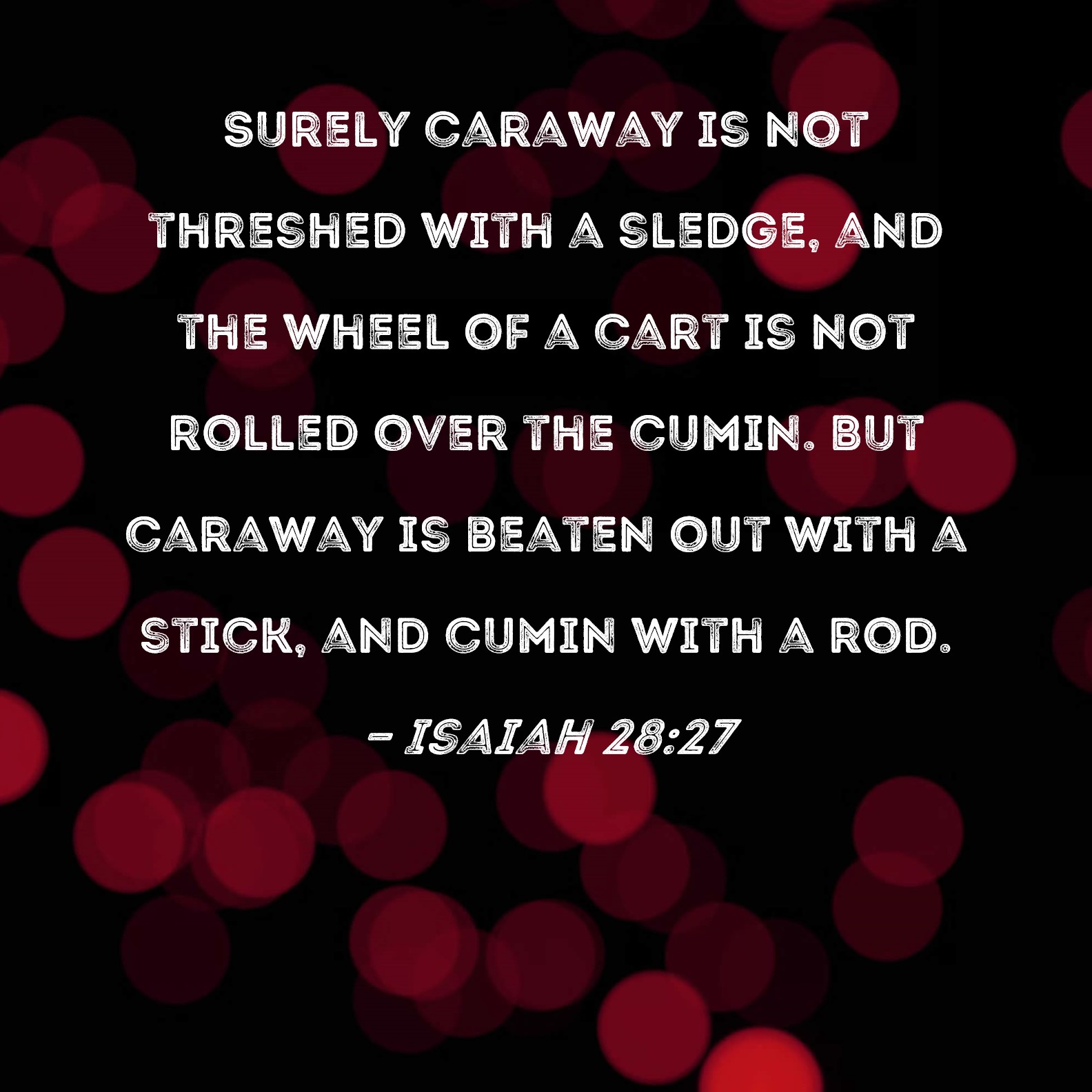 Isaiah 28:27 Surely caraway is not threshed with a sledge, and the wheel of a cart is not rolled over the cumin. But caraway is beaten out with a stick, and cumin with a rod.
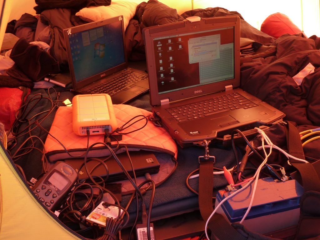 Both radars looked at the first 20 meters of the snow pack, sending electromagnetic waves into the snow. The snow radar (the big green horns in the picture) operates in a frequency range of 2-8 GHz. The other radar (the smaller brown horns) is the ku-band radar, sweeping between 12 to 18 GHz. The lower the frequency, the deeper the radars look. We have both radars for some redundancy in the system, imaging the snow/firn closest to the surface, which we core twice, and then the snow radar peers deeper than the cores to provide literally a deeper look. In addition to the 2 radars, we needed to know the elevation we were at, which is important for comparison with airborne data and also for modeling precipitation and temperatures. For that, we simultaneously collected GPS coordinates, which gave us our exact latitude, longitude and elevation every 5 seconds. The GPS antenna was on the very top of the sled, about 2.5 meters (8.2 feet) high.
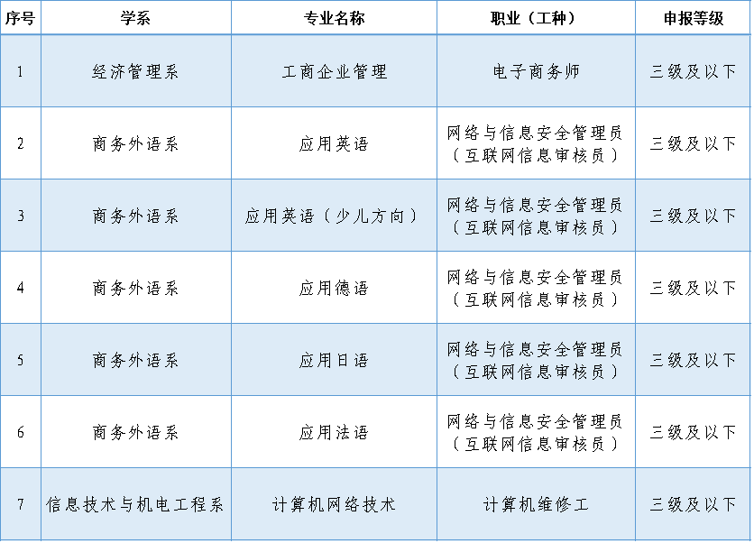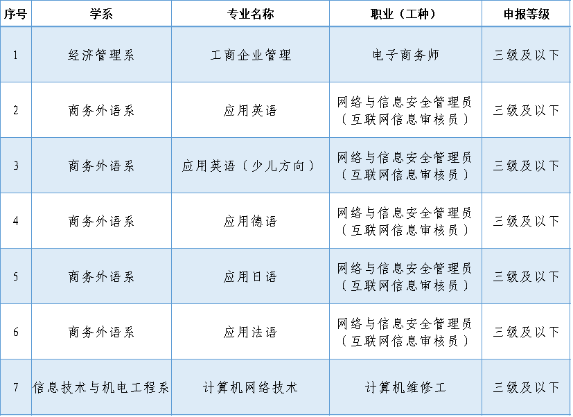 根据沪人社【2021】401号通知精神,经专业评估,安博(中国)以经济管理系、商务外语系和信息技术与机电工程系7个专业通过论证,获批职业技能评价项目资质。
· · · · ·
## Brief:
The whole listing is to be written out exactly; the pictures stay out of the copy.

## The completed task:
 Isaiah 28:27 Surely caraway is not threshed with a sledge, and the wheel of a cart is not rolled over the cumin. But caraway is beaten out with a stick, and cumin with a rod.
 Both radars looked at the first 20 meters of the snow pack, sending electromagnetic waves into the snow. The snow radar (the big green horns in the picture) operates in a frequency range of 2-8 GHz. The other radar (the smaller brown horns) is the ku-band radar, sweeping between 12 to 18 GHz. The lower the frequency, the deeper the radars look. We have both radars for some redundancy in the system, imaging the snow/firn closest to the surface, which we core twice, and then the snow radar peers deeper than the cores to provide literally a deeper look. In addition to the 2 radars, we needed to know the elevation we were at, which is important for comparison with airborne data and also for modeling precipitation and temperatures. For that, we simultaneously collected GPS coordinates, which gave us our exact latitude, longitude and elevation every 5 seconds. The GPS antenna was on the very top of the sled, about 2.5 meters (8.2 feet) high.
 根据沪人社【2021】401号通知精神,经专业评估,安博(中国)以经济管理系、商务外语系和信息技术与机电工程系7个专业通过论证,获批职业技能评价项目资质。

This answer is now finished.